I live with four men, three of them teenagers, and am intimately familiar with the wet thigh thing, despite similar vigilance. Ugh. And what on earth they do in there that blocks the toilet so often, I have no idea. I have given up trying to train the men or clean the bathrooms; for my own sanity I have had to hire a cleaner.

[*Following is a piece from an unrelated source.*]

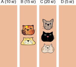 Бобрам необходимо отвезти пять больных кошек к ветеринару. Для этого они могут воспользоваться четырьмя переносками. Каждая переноска имеет определённую грузоподъёмность.

My son is now in charge of his own bathroom. I, too, always worn anyone before they set foot in his bathroom. Growing up he always had chores he and his sister shared. So I know he knows how to clean a bathroom properly as I taught him and would double check on his work. So I can say with a clear conscious to my son’s future wives…he knows how. Here in lies the problem knowing how and completing the chore properly are two different things. Since he has reached adulthood (by age only) I have decided if he wants to live in squalor so be it. Hopefully the future wives will have more control than I do.
I laughed out loud here and scared the cat sleeping in my lap! Oh Logan, can I relate! Only one bathroom here and I don’t think I’ve ever told a guest where it is without apologizing for the conditions they were about to enter. I would like to preemptively beg forgiveness of my sons’ future wives….I tried to teach them, really!
Oh, My gosh! That was pee my pants funny. We have two bathrooms. One indeed is for girls and the other for boys. I can so relate! Thanks for the entertainment as it was just what I needed today.